= Provided records =
****************

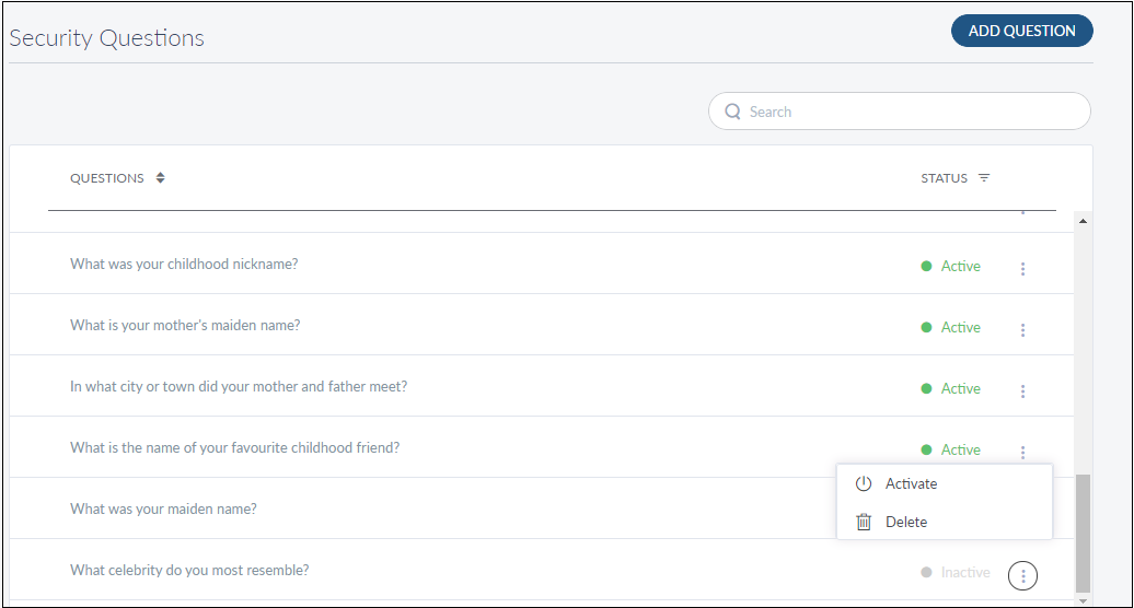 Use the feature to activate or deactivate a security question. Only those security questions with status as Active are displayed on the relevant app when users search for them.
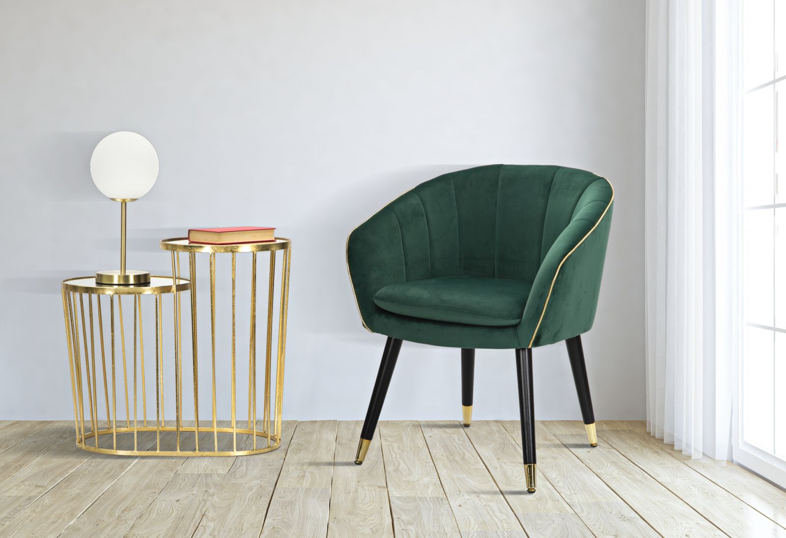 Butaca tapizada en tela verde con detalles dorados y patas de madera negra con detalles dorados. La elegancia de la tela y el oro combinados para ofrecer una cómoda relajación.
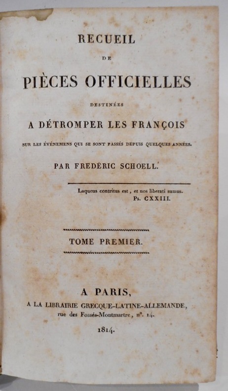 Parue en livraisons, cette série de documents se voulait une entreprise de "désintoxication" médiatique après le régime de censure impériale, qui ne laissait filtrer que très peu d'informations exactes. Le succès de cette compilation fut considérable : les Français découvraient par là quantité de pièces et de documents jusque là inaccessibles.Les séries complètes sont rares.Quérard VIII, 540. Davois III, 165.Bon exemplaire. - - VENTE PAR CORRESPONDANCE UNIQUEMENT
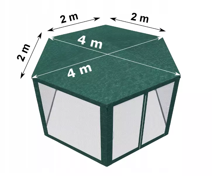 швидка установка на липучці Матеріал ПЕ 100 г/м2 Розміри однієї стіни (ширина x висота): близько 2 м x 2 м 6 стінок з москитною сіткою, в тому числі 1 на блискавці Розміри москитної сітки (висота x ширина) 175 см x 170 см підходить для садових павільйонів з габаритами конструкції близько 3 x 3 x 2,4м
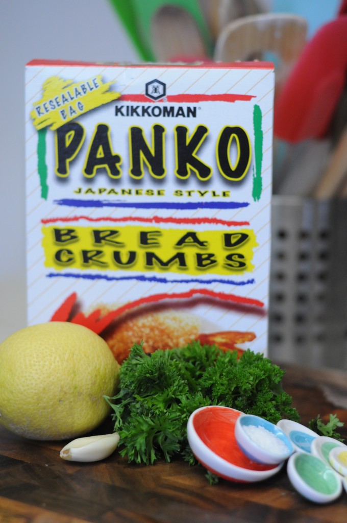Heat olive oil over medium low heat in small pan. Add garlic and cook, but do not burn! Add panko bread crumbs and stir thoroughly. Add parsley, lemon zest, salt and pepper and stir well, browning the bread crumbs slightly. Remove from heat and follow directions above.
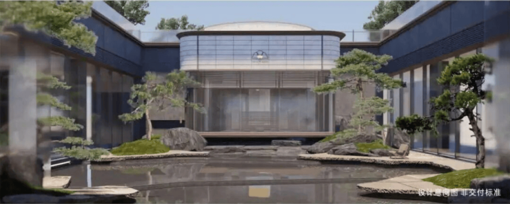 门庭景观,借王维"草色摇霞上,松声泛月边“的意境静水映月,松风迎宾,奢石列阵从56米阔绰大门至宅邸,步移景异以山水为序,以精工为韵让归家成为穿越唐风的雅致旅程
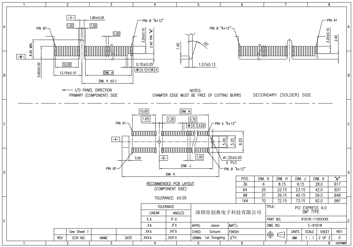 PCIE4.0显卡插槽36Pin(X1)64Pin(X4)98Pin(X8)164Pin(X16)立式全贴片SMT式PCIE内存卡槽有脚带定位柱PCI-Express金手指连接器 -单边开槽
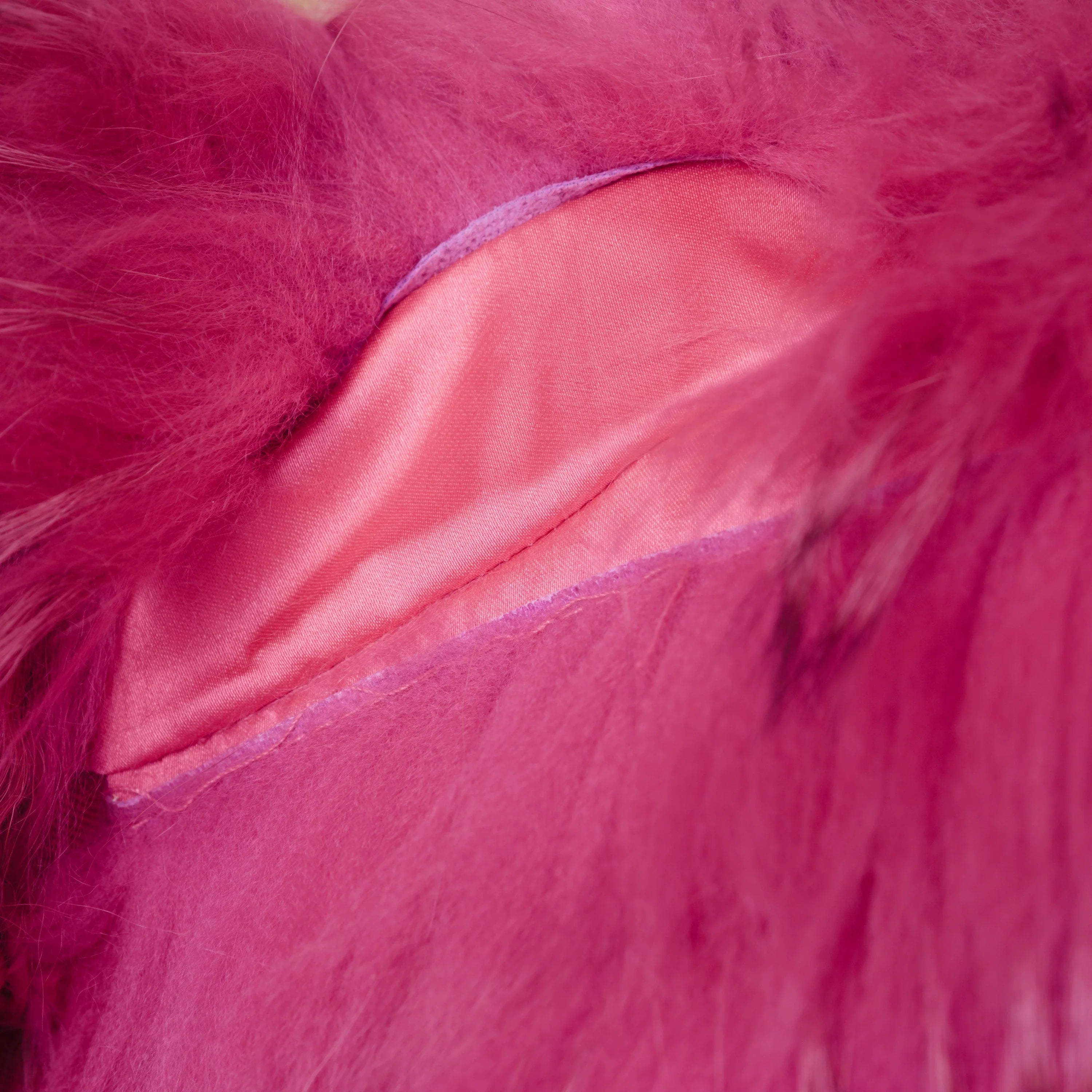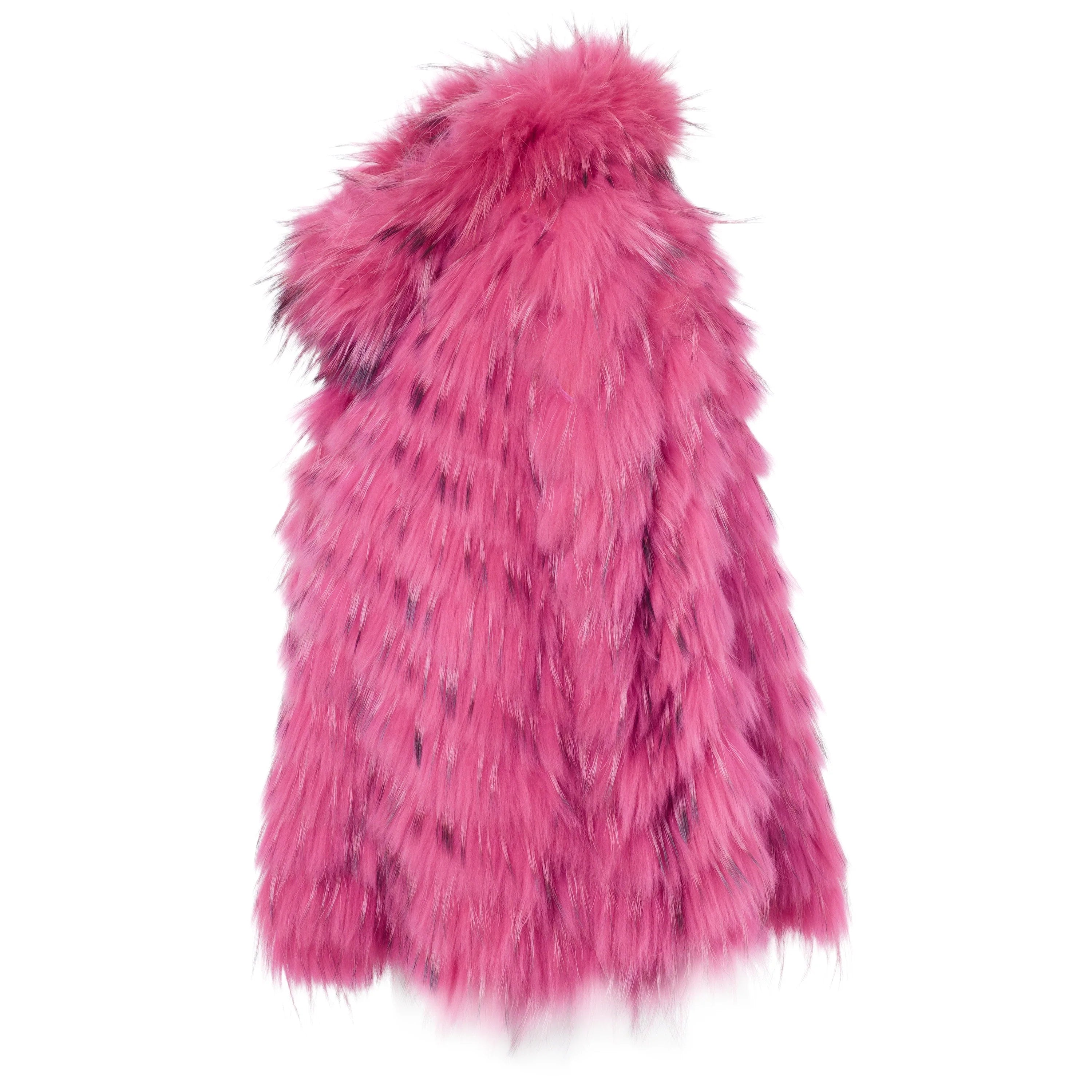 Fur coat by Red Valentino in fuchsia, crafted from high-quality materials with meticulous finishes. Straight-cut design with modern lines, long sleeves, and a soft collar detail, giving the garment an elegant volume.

****************

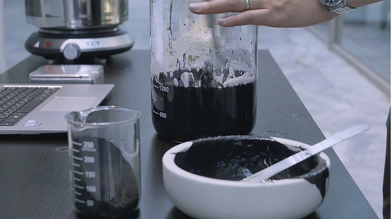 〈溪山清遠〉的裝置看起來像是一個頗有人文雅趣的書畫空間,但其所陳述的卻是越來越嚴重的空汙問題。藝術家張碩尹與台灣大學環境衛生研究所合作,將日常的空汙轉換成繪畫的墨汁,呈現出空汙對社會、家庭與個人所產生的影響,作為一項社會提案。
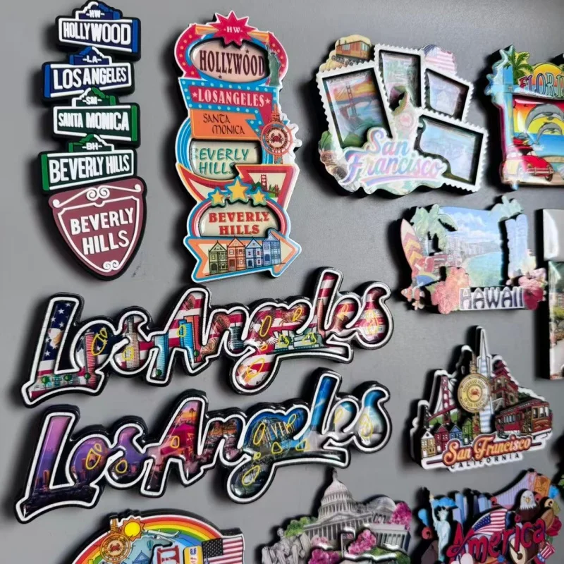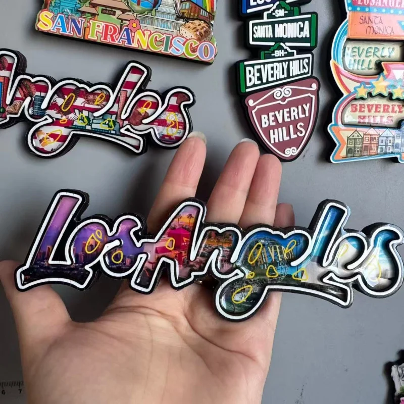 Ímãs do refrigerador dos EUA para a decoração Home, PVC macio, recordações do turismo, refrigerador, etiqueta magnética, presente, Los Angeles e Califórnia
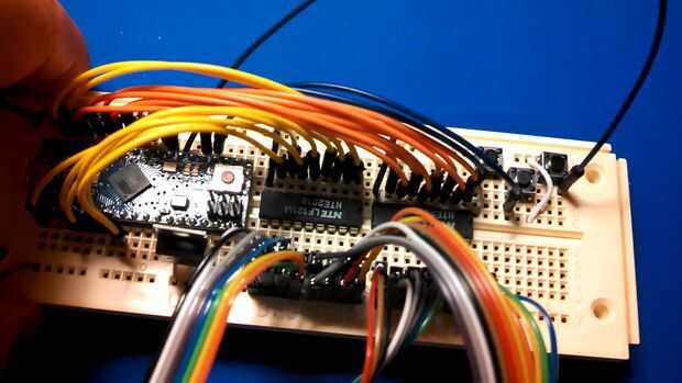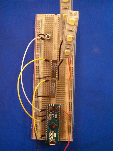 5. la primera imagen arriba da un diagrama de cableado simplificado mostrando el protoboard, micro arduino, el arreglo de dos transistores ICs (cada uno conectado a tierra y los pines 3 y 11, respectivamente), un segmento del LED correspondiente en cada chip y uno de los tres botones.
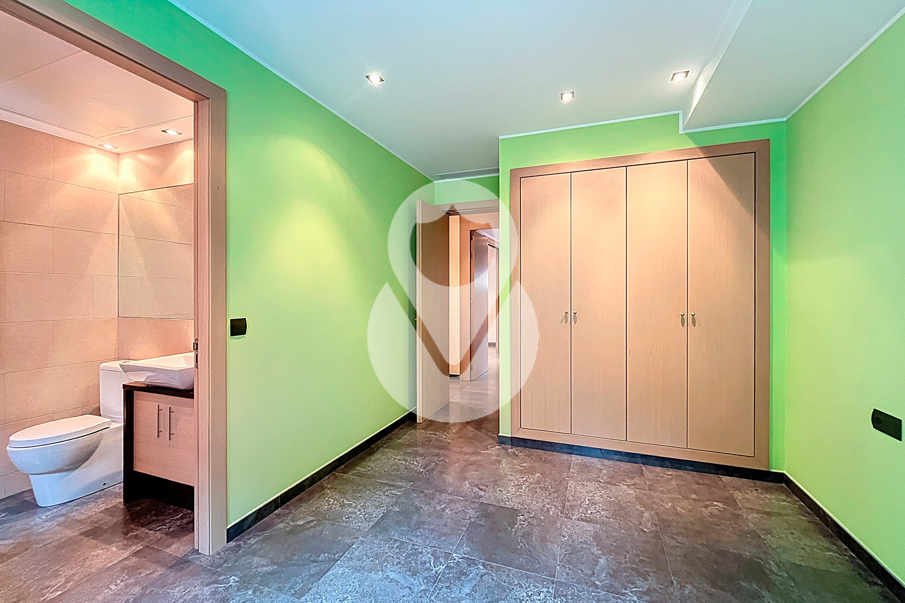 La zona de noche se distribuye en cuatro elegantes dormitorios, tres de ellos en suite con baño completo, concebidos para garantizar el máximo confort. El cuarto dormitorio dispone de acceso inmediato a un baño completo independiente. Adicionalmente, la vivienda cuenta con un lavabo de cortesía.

****************

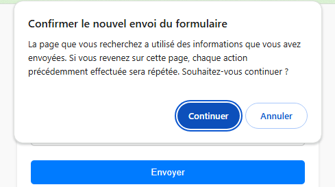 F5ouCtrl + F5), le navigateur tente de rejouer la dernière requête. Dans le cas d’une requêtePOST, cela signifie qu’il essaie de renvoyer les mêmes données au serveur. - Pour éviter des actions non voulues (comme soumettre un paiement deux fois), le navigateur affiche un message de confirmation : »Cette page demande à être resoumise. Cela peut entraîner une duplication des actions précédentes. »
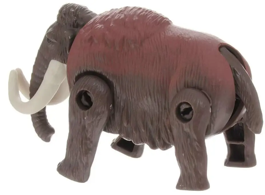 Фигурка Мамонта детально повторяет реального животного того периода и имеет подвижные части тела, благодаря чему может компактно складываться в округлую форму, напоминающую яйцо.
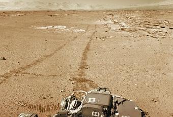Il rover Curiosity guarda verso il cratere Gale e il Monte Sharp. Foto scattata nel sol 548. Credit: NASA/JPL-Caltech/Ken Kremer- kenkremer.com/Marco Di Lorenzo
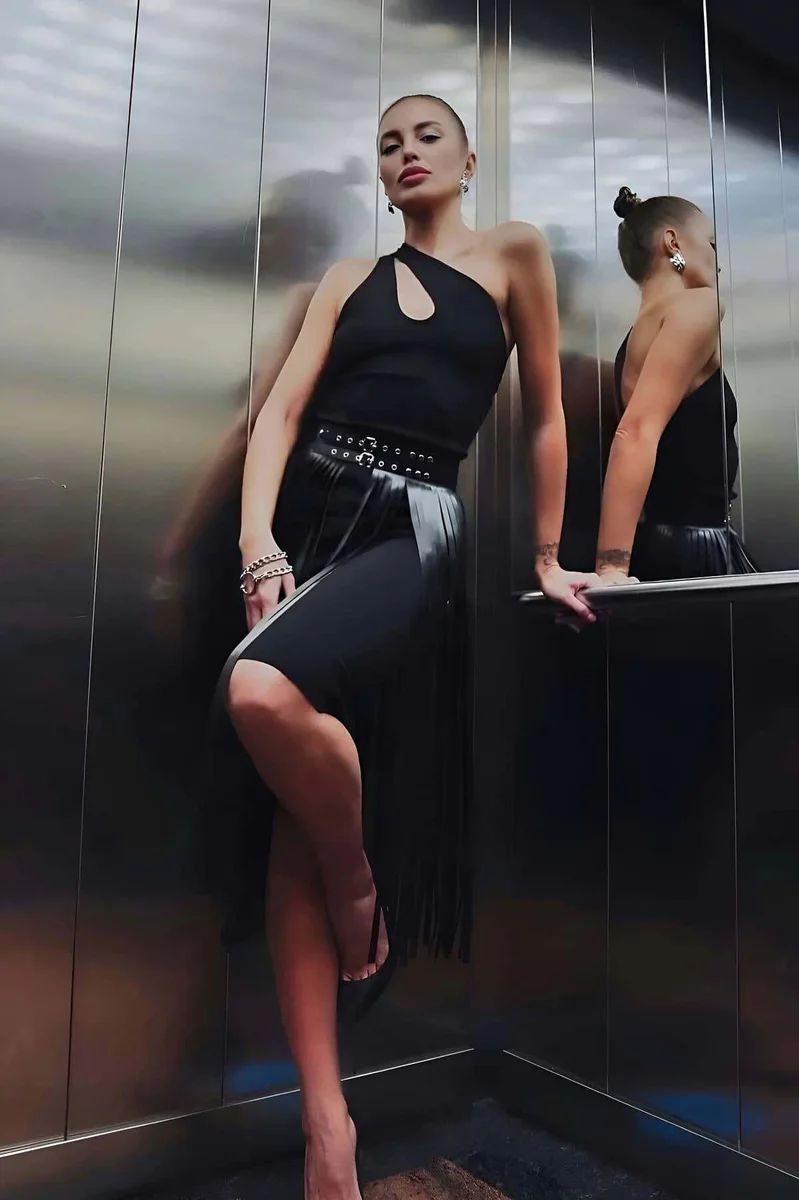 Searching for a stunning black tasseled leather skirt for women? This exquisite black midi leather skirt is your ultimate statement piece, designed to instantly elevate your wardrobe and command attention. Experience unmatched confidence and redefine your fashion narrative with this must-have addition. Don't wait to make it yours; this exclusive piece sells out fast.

****************

= Task requirements =
Leaving out each picture, repeat exactly the lines above from the one that contains "Фигурка Мамонта детально" through the one that contains "Searching for a".

= Answer to this task =
 Фигурка Мамонта детально повторяет реального животного того периода и имеет подвижные части тела, благодаря чему может компактно складываться в округлую форму, напоминающую яйцо.
Il rover Curiosity guarda verso il cratere Gale e il Monte Sharp. Foto scattata nel sol 548. Credit: NASA/JPL-Caltech/Ken Kremer- kenkremer.com/Marco Di Lorenzo
 Searching for a stunning black tasseled leather skirt for women? This exquisite black midi leather skirt is your ultimate statement piece, designed to instantly elevate your wardrobe and command attention. Experience unmatched confidence and redefine your fashion narrative with this must-have addition. Don't wait to make it yours; this exclusive piece sells out fast.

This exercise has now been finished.